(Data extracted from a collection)
[Start of section]

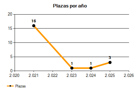 En los siguientes gráficos se puede ver la evolución del número de convocatorias y plazas convocadas para la profesión de Técnico/a Agrícola de los últimos años pudiéndose observar una caída del 66,67% desde el año 2021 hasta el 2025 en número de convocatorias y una caída del 81,25% en número de plazas convocadas.
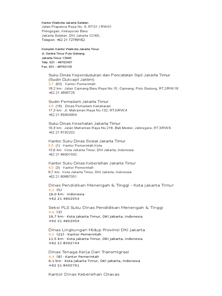 Suku Dinas Kependudukan Dan Pencatatan Sipil Jakarta Selatan Kebayoran Baru Jl Radio V No 1 Kebayoran Baru
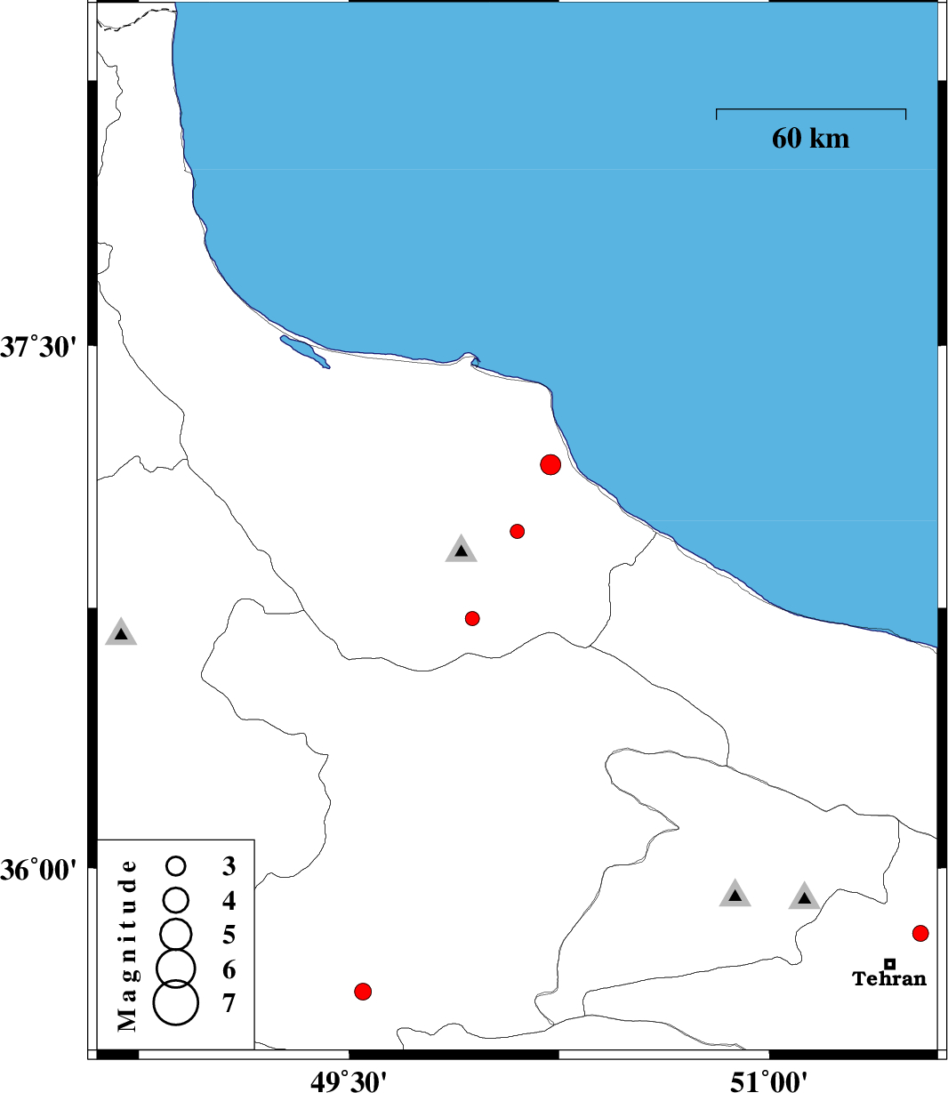 | 2015/06/22 | 07:36:19.7 | 12:06:19.7 | 36.72 | 49.94 | 17 | ML:2.2 | Gilan Province, 48 km South of Siahkal | ||
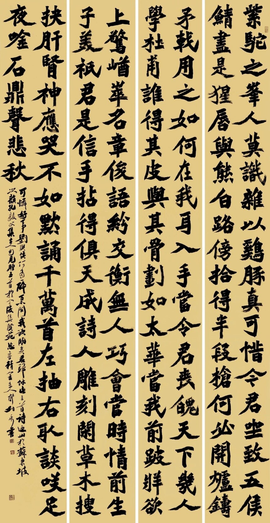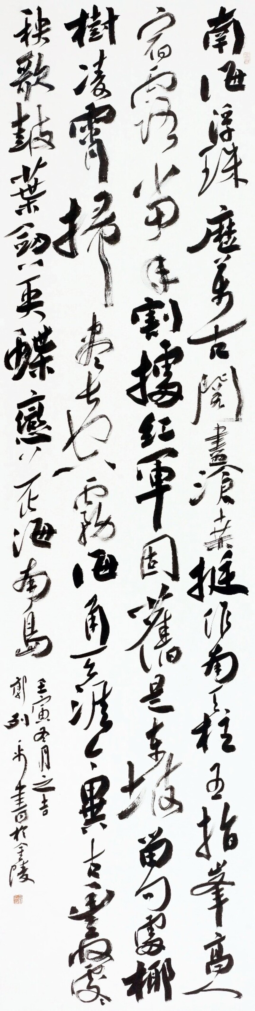 郭列平の書法の個性と作風は「重厚で力強く、優美で伸びやか。両者の調和は見事だ」と評される。彼の作品は、ほぼ一字一字が筆画を単位として構成され、ある時は力強く、ある時は優美に運ばれた筆画が調和を醸し出し、書の美的領域において独自の位置を占めている。(編集/RR)
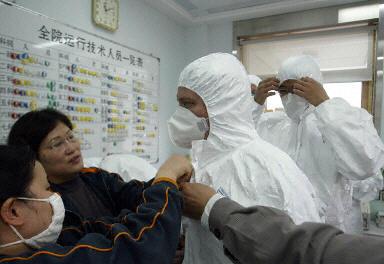 ![]() 4月17日一名西方记者“全副武装”准备进入北京地坛医院SARS隔离病房采访(法新社) |
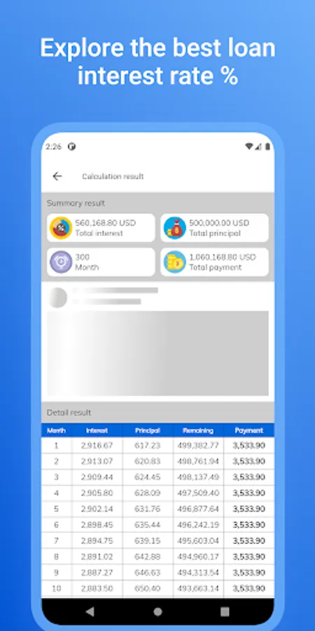 Users can calculate loan interest directly on published interest rates and they will see the common result of loan repayment as monthly. The result is not 100% present as the same as the owner organization but it is almostly similar to the actual calculation of each organization. To ensure the exact loan repayment calculation, users can ask the owner to clarify the calculation result.

[End of section]

→ **Task objective**
Return exactly, with no pictures, each line from the one that contains "郭列平の書法の個性と作風は「" through the end of the entries above, both ends included.

→ **Solution to the exercise**
 郭列平の書法の個性と作風は「重厚で力強く、優美で伸びやか。両者の調和は見事だ」と評される。彼の作品は、ほぼ一字一字が筆画を単位として構成され、ある時は力強く、ある時は優美に運ばれた筆画が調和を醸し出し、書の美的領域において独自の位置を占めている。(編集/RR)
 ![]() 4月17日一名西方记者“全副武装”准备进入北京地坛医院SARS隔离病房采访(法新社) |
 Users can calculate loan interest directly on published interest rates and they will see the common result of loan repayment as monthly. The result is not 100% present as the same as the owner organization but it is almostly similar to the actual calculation of each organization. To ensure the exact loan repayment calculation, users can ask the owner to clarify the calculation result.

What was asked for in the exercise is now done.